_TRY IT_: Make an exact copy of all the records that follow, apart from the pictures.

** DATA FOR THE TASK follows **

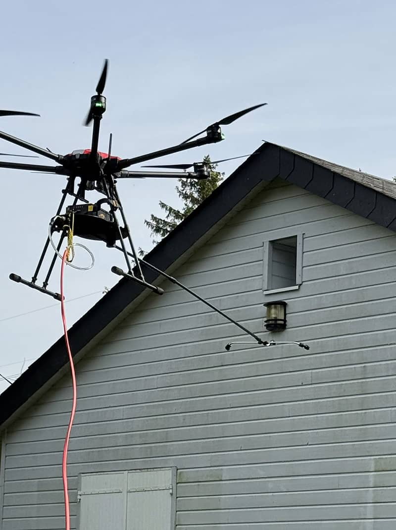 Nous réalisons le nettoyage de toitures, façades, panneaux solaires et surfaces en hauteur à l’aide de drones captifs, de perches et d’une cloche de nettoyage.
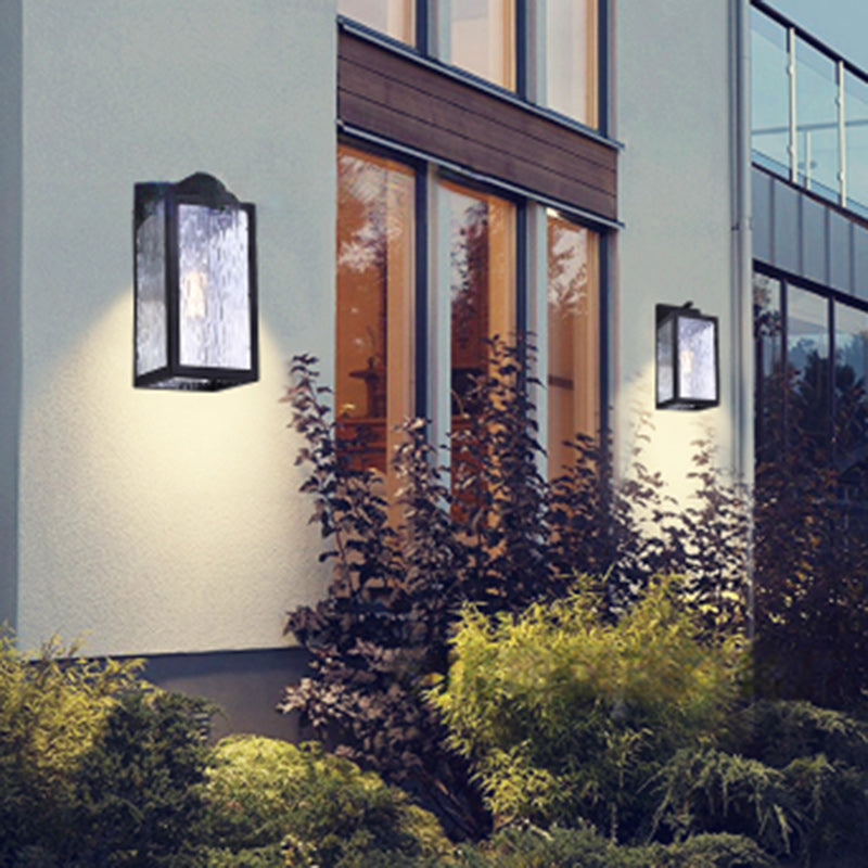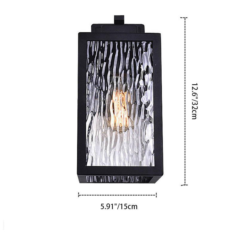 Contemporary Scandinavian Waterproof Rectangle Square Aqua Glass Iron 1-Light Outdoor Wall Sconce Lamp For Garden
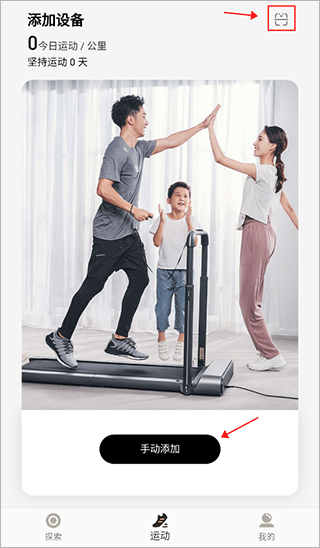 1、打开软件后,在运动界面点击手动添加或右上角的扫描框扫码添加。
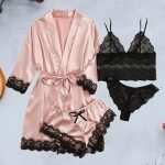 طقم ملابس نوم نسائي 4 قطع دانتيل أنيق – رداء بأكمام طويلة وقميص داخلي وسروال، مثالي للنوم والهدايا
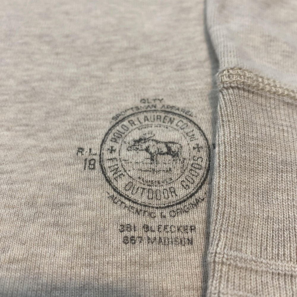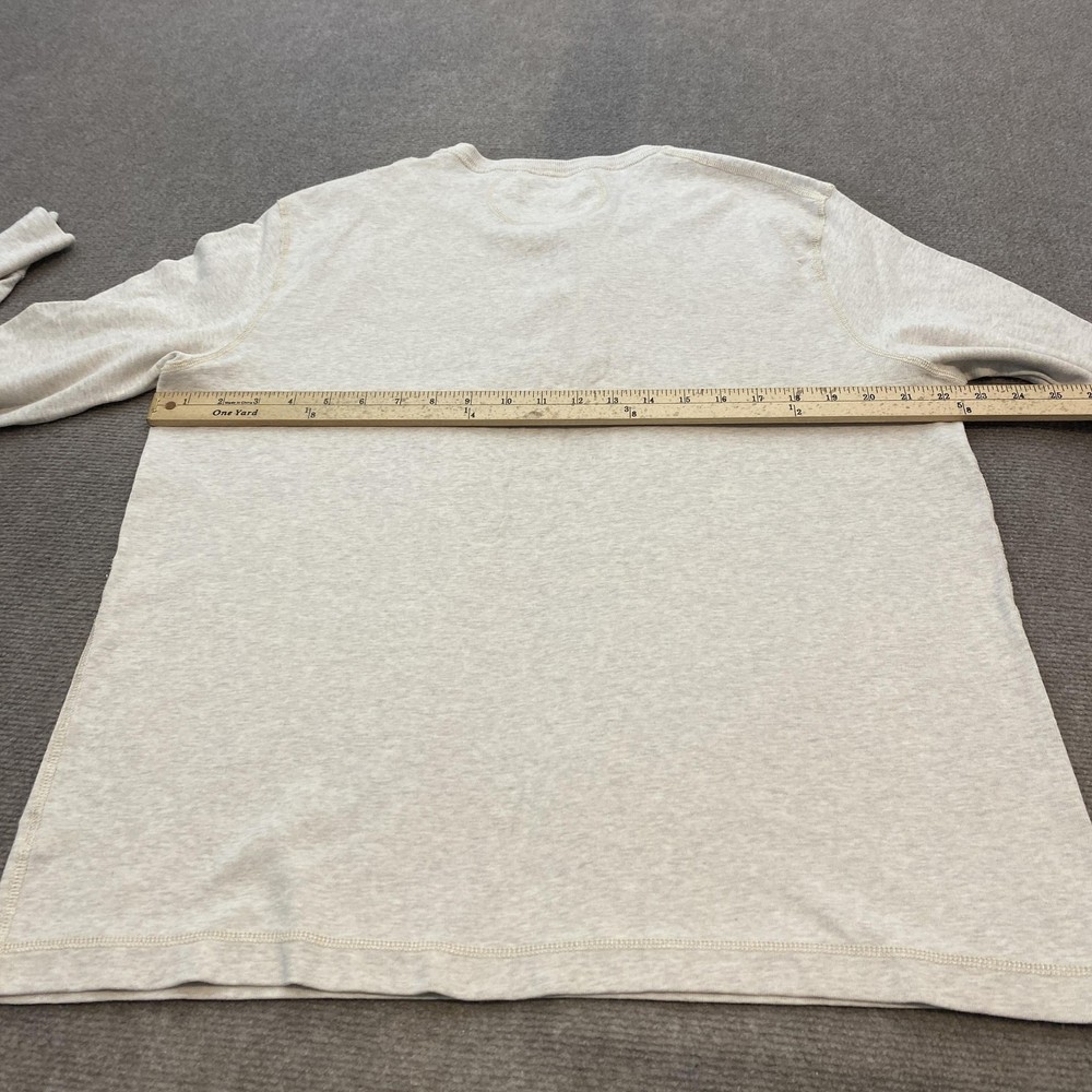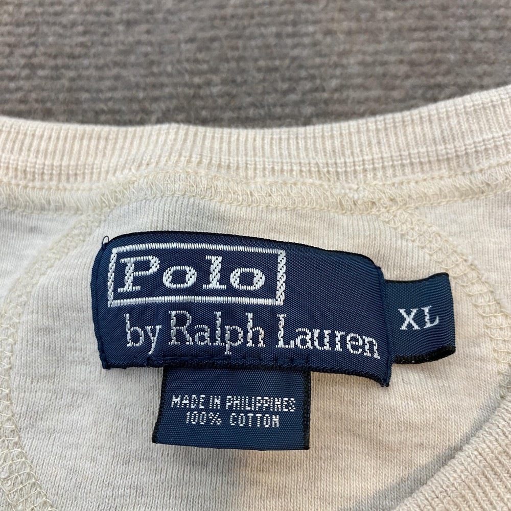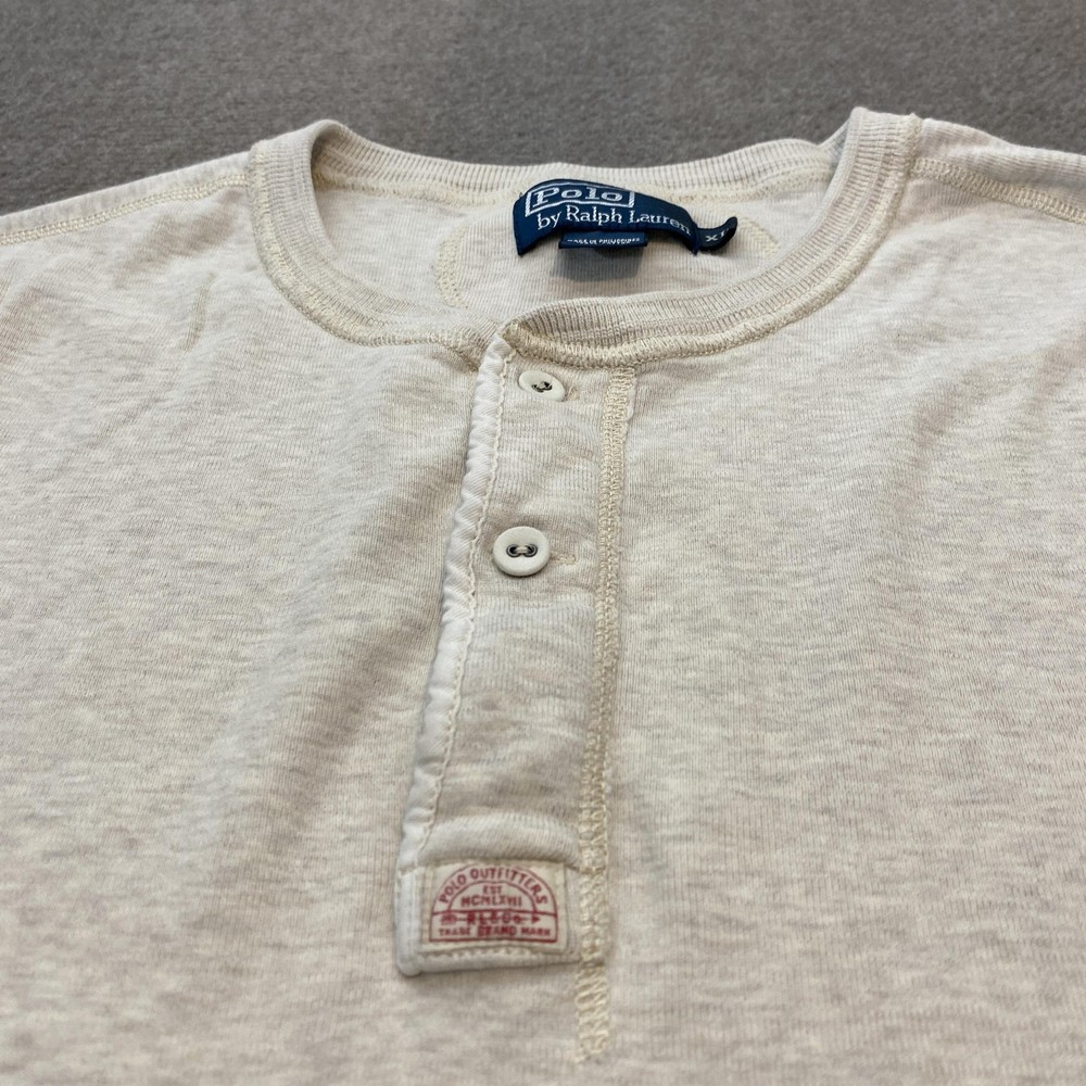 Pre-owned Polo by Ralph Lauren Henley shirt with minimal signs of previous wear. Cotton knit fabric, collar, cuffs, and hem are clean and intact with no stains, holes, or loose seams, and the front hem logo print remains clear. Buttons are secure and functional. Brand: Polo by Ralph Lauren. Style: Mens long sleeve Henley knit shirt. Color: Beige heathered solid knit with tonal stitching and ribbed trim. Size: Mens XL as indicated on the interior neck label. Material: 100% cotton knit fabric as listed on the interior tag. Design details: Henley neckline with three-button placket, ribbed knit collar and cuffs, straight hem, and soft jersey knit construction suitable for layering. Branding and identifiers: Polo by Ralph Lauren neck label with XL size marking and Made in Philippines 100% cotton notation, small woven Polo Outfitters label at the base of the placket, and circular Polo Ralph Lauren Co fine outdoor goods logo graphic with animal illustration printed near the front hem. Features: Classic Henley silhouette designed for all-season wear, breathable cotton knit intended for casual everyday use, and neutral beige color that pairs easily with jeans, chinos, or joggers. Special notes: Polo by Ralph Lauren mens size XL beige long sleeve cotton Henley shirt.

** End of DATA FOR THE TASK **

_YOUR RESPONSE_:
 Nous réalisons le nettoyage de toitures, façades, panneaux solaires et surfaces en hauteur à l’aide de drones captifs, de perches et d’une cloche de nettoyage.
 Contemporary Scandinavian Waterproof Rectangle Square Aqua Glass Iron 1-Light Outdoor Wall Sconce Lamp For Garden
 1、打开软件后,在运动界面点击手动添加或右上角的扫描框扫码添加。
 طقم ملابس نوم نسائي 4 قطع دانتيل أنيق – رداء بأكمام طويلة وقميص داخلي وسروال، مثالي للنوم والهدايا
 Pre-owned Polo by Ralph Lauren Henley shirt with minimal signs of previous wear. Cotton knit fabric, collar, cuffs, and hem are clean and intact with no stains, holes, or loose seams, and the front hem logo print remains clear. Buttons are secure and functional. Brand: Polo by Ralph Lauren. Style: Mens long sleeve Henley knit shirt. Color: Beige heathered solid knit with tonal stitching and ribbed trim. Size: Mens XL as indicated on the interior neck label. Material: 100% cotton knit fabric as listed on the interior tag. Design details: Henley neckline with three-button placket, ribbed knit collar and cuffs, straight hem, and soft jersey knit construction suitable for layering. Branding and identifiers: Polo by Ralph Lauren neck label with XL size marking and Made in Philippines 100% cotton notation, small woven Polo Outfitters label at the base of the placket, and circular Polo Ralph Lauren Co fine outdoor goods logo graphic with animal illustration printed near the front hem. Features: Classic Henley silhouette designed for all-season wear, breathable cotton knit intended for casual everyday use, and neutral beige color that pairs easily with jeans, chinos, or joggers. Special notes: Polo by Ralph Lauren mens size XL beige long sleeve cotton Henley shirt.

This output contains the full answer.